Since 1980, the Anthropogeny has further radicalized this mere descriptive intention of the Nouvel Age. Its aim is to go back (as much as possible) into the morals (habits) of the Universe and the ways of the Living as such, stressing the specificities of Homo, in particular its singular faculty of an angular Primate, which is thereby angularizing, orthogonalizing, indicializing and indexating, etc… with the innovative and paranoid possibilities and innovative restrictions hence implied.


Today, this epistemological and ontological attitude takes on a new interest, since prejudicial questions concerning the Living – and even the Planet Earth – rear their heads in every domain, and that globalized media make this questioning shared by almost everyone. It is no more too abstract to look at the Atlantic Gulf Stream and the Pacific Humboldt Stream to know that their salt content is either increasing or decreasing, and that they are either slowing down or accelerating, or even to perceive that everything known decidedly 'humane', or neolithic, occurred in a short Interglacial Period that begun 13;000 years ago.

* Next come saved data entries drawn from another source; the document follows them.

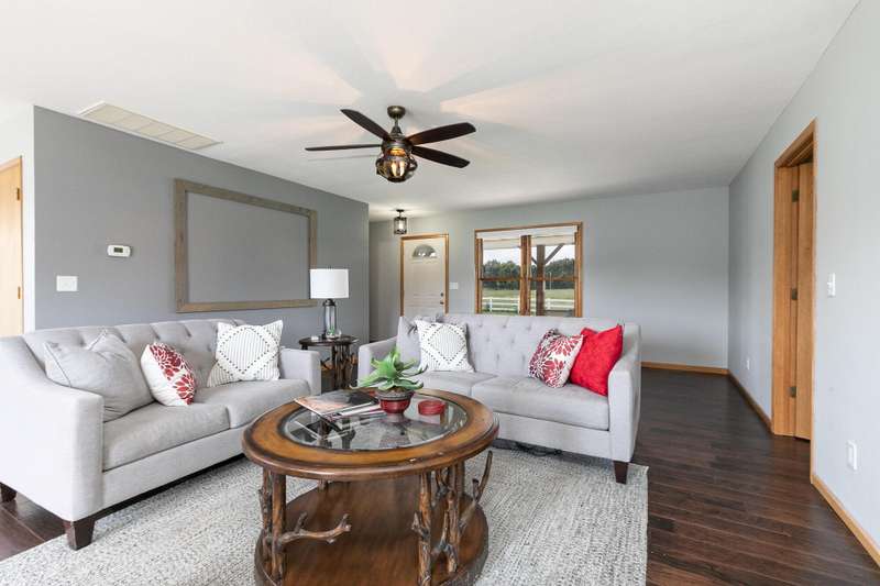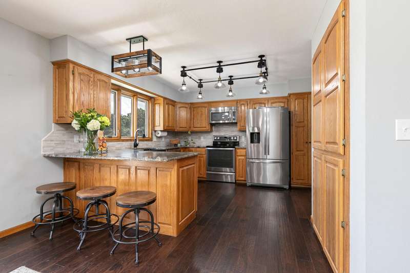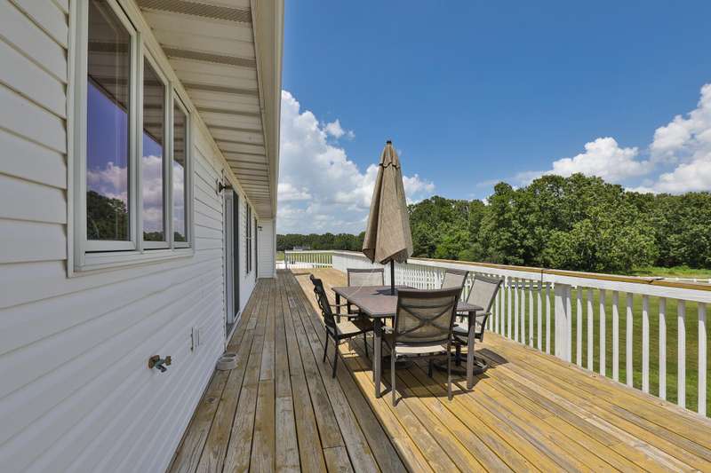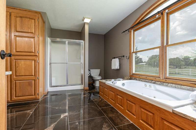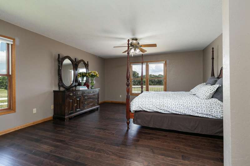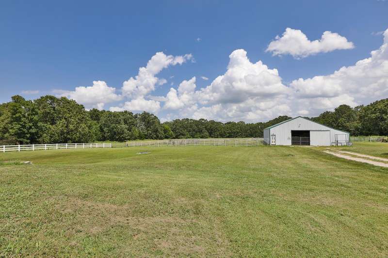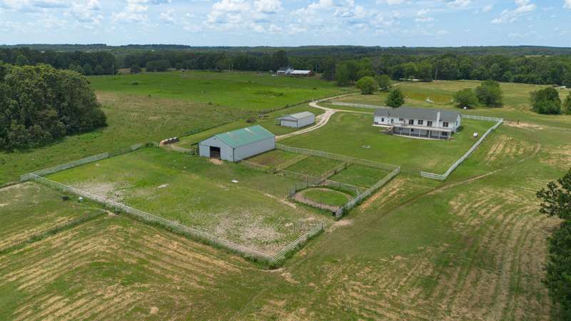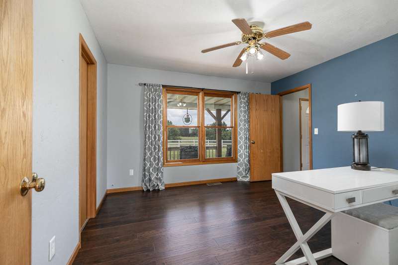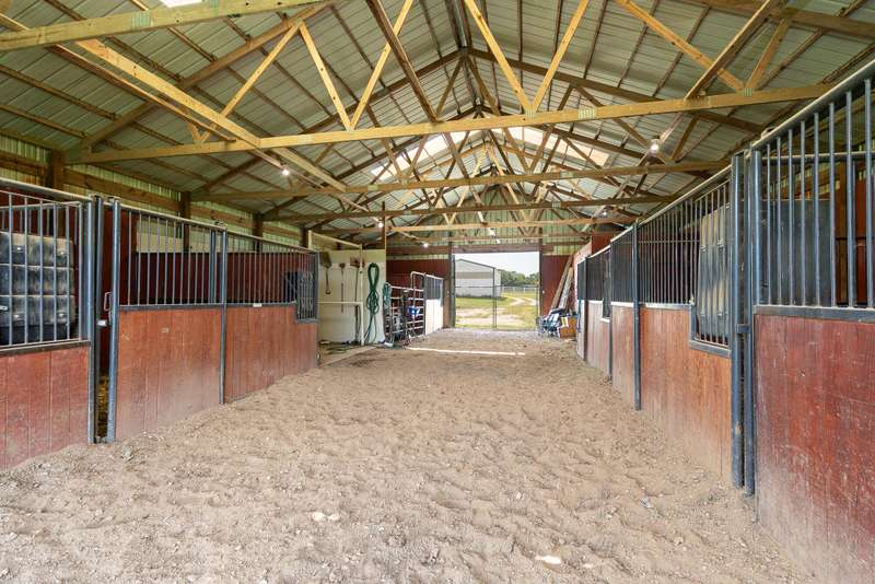 Stunning10 Acre Equestrian Estate with Remodeled Home, Stables & PondThis beautiful equestrian estate is a rare opportunity you don't want to miss--and it won't last! Nestled on 10 serene, park-like acres with a peaceful pond, this meticulously maintained property offers the perfect blend of luxury living and functional equestrian amenities.The newly remodeled home boasts just under 3,400 square feet, featuring 4 bedrooms and 3 bathrooms, all finished with high-end touches. You'll find granite countertops throughout, wide-plank hardwood floors, custom light fixtures, and automated blinds in every room. Expansive picture windows fill the home with natural light and offer breathtaking views from every room.The huge master suite overlooks the pastures and includes a spacious walk-in closet with a built-in gun safe. Enjoy your morning coffee on the covered back deck or patio as the sun rises, and wind down with spectacular sunset views from the covered front porch.The fully finished walk-out basement includes tile flooring throughout, two large bedrooms, a full bath, wood-burning fireplace, and five enormous closets, making it perfect for guests, family, or entertaining.Equestrian features include:6-stall barn, fully remodeled just 6 years agoCedar-lined tack room in excellent conditionLighted riding arenaThree fenced paddocksTwo separately fenced pasturesAutomatic waterersDedicated clean-up baySturdy, recently serviced fencing throughoutAdditional amenities:40x23 shop with garage door, electricity, and wood-burning stoveLean-to structure for hay storage or additional outdoor entertaining spaceThis property is perfect for horse lovers, hobby farmers, or anyone seeking privacy, comfort, and functionality in a truly idyllic setting. 2 neighboring child listings of 10 acres each are available for purchase as well.
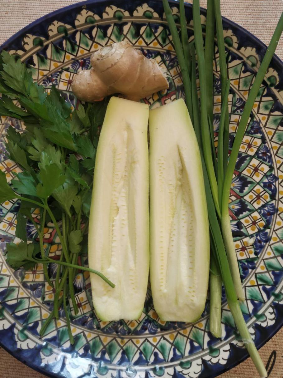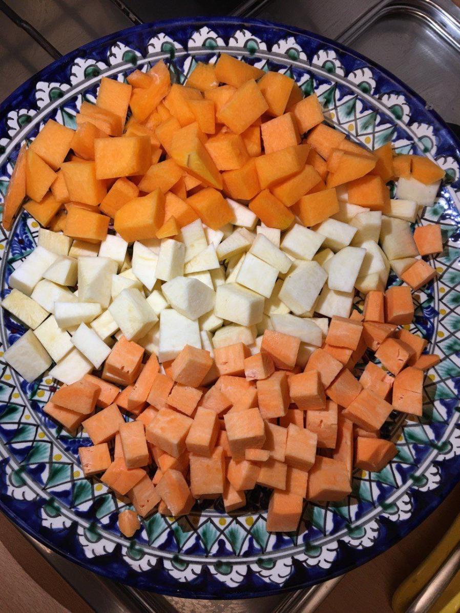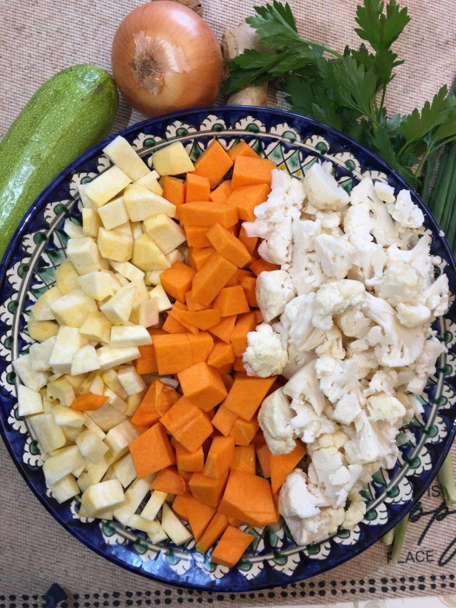 Пряный суп из казылыка с бататом, репой, корнем сельдерея, тыквой, кабачком и цукини.
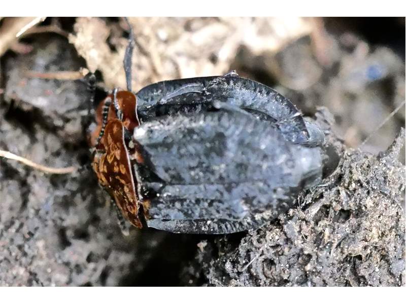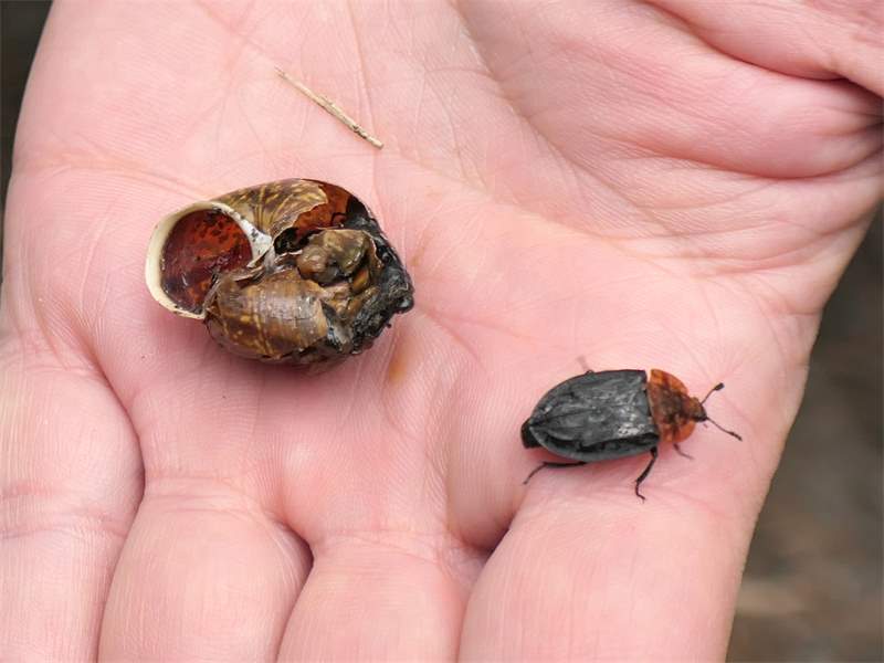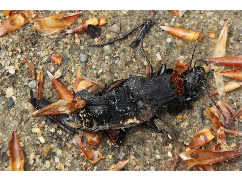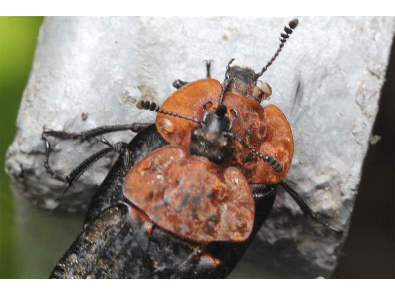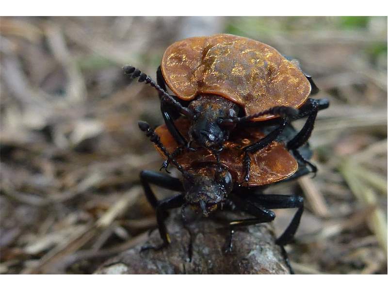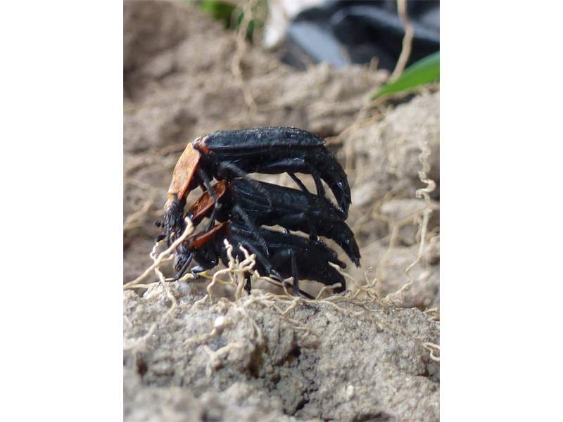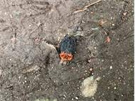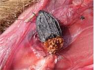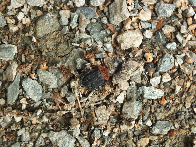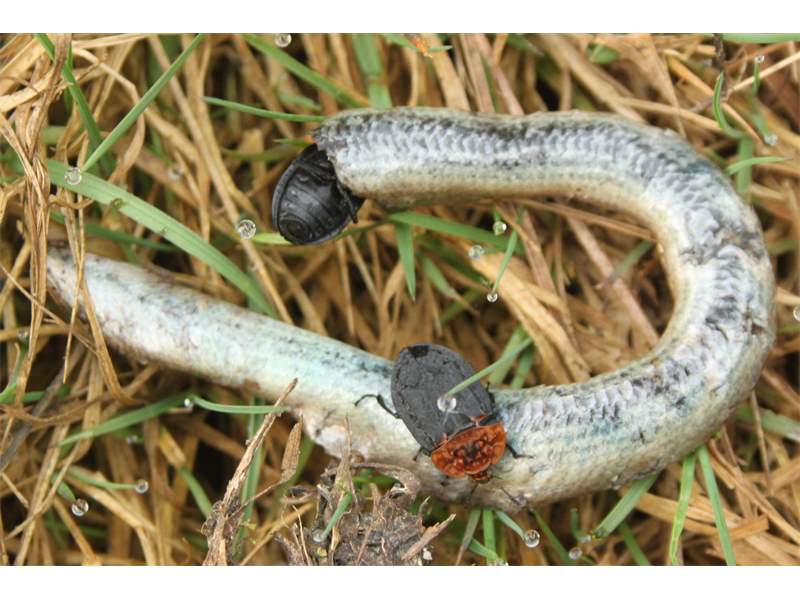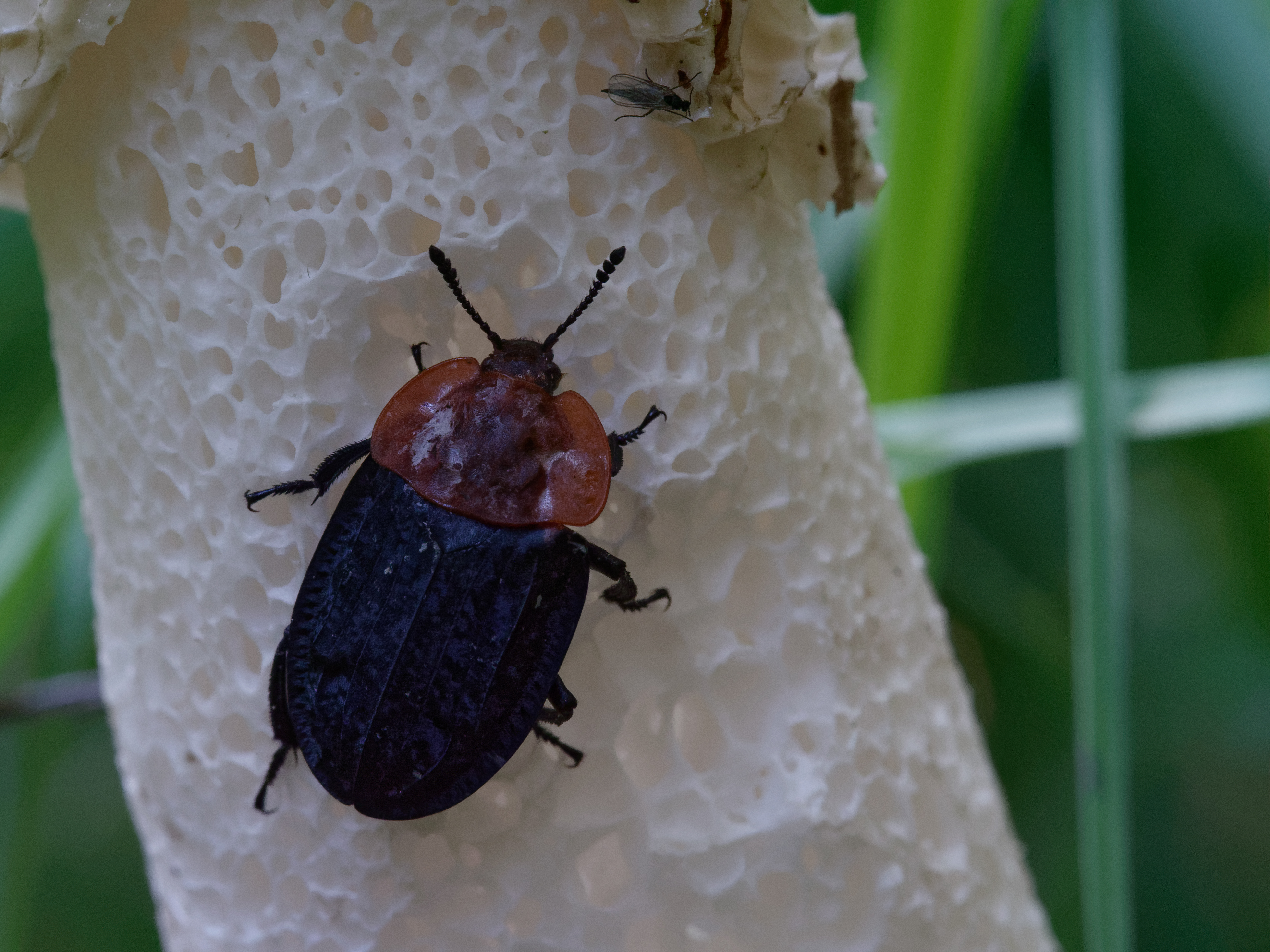 beide Käfer unten, rechts und links, zusammen mit Nicrophorus vespilloides und evtl. Nicrophorus vespillo, Sohland, 05.08.2020 (© Konrad Thomas)( Bild vergrößern)
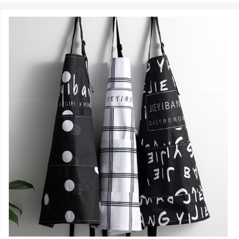 ** Tạp dề chất liệu dày chắc, giúp bạn giữ quần áo sạch sẽ không bị vấy bẩn khi làm bếp** Gồm ba mẫu: CHỮ ĐEN, CHIẾC LÁ ĐEN, Ô CA RÔ
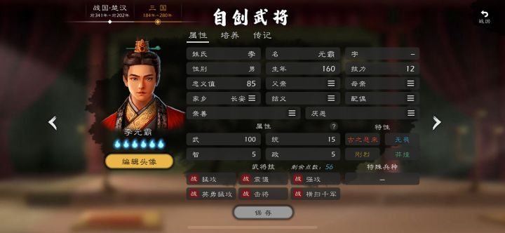 从内测玩到现在一直都觉得难受 为什么购买了自创武将没办法完全自创 尤其是天赋树做的 我自己都不能选择调整怎么想的 你自己看看合理吗 创个李元霸武力一百就登顶 天赋树烂成一坨 创个李世民数值也不够用 天赋树还是一坨 自创武将完全烂透了 你一个单机买断制游戏 花了钱结果捏个造型就完了 数值天赋树都有限制 简直离谱#逐鹿 #逐鹿自建 #逐鹿问题反馈
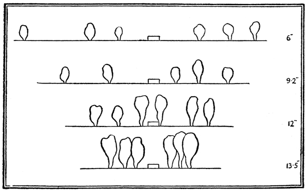 | In this sketch the black silhouette shows the position at the moment the torpedo is fired; the white silhouette the position the ship has reached when the torpedo meets it | 107 | |
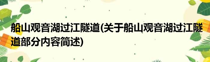 船山观音湖过江隧道(关于船山观音湖过江隧道部分内容简述)

Our cosmological situation is made even more tense biologically that Homo sapiens sapiens is a sub-species that (since the disappearance of the Neanderthal man around 25.000 years ago) exhausted its species (Homo sapiens sapien) and even its genre (Homo), hence limiting its natural capacities of adaptation. These questions and answers change every day, every hour, and innumerable teams and publications delve on it, trying to crossover the longest term with the shortest as they are increasingly intricated. An Anthropogeny should not meddle in it.


However, it can be not only speculative but also useful envisaging the initial and congenital faculties that Homo would have when faced with extreme situations. In reason of their extremity itself. The angular primate, who is primarily lat. indicializing and lat. indexating, nourishes short and paranoid visions in an almost invincible manner. Yet, at the same time he is possibilizing. And thus it is not completely excluded that, under the effect of extremely violent questioning, he should display aptitudes of attention and cooperation unknown until now. From the beginning of the times on, his madness was technically and scientifically so limited that, when he was delirious, his 'Mother Nature' could reestablish a sufficiently viable order sooner than later, and that he had no need to dig himself into his last resources, even in the event of a black plague. Today, his delirious powers are quasi illimited technically and semiotically. With almost irreversible mad consequences. But, why not, for unknown resiliences too.


Around thirty years ago, a hadful of top scientists were asked whether they believed that, at the same time in the Universe, there could be civilisations of our kind. A frequent reply sounded that it was not excluded, but that any civilisation that had reached the stage of ours was probably fatally self-destructive. Today's Homo could well have to verify the part of truth and error in that intimidating statement sooner than he thinks.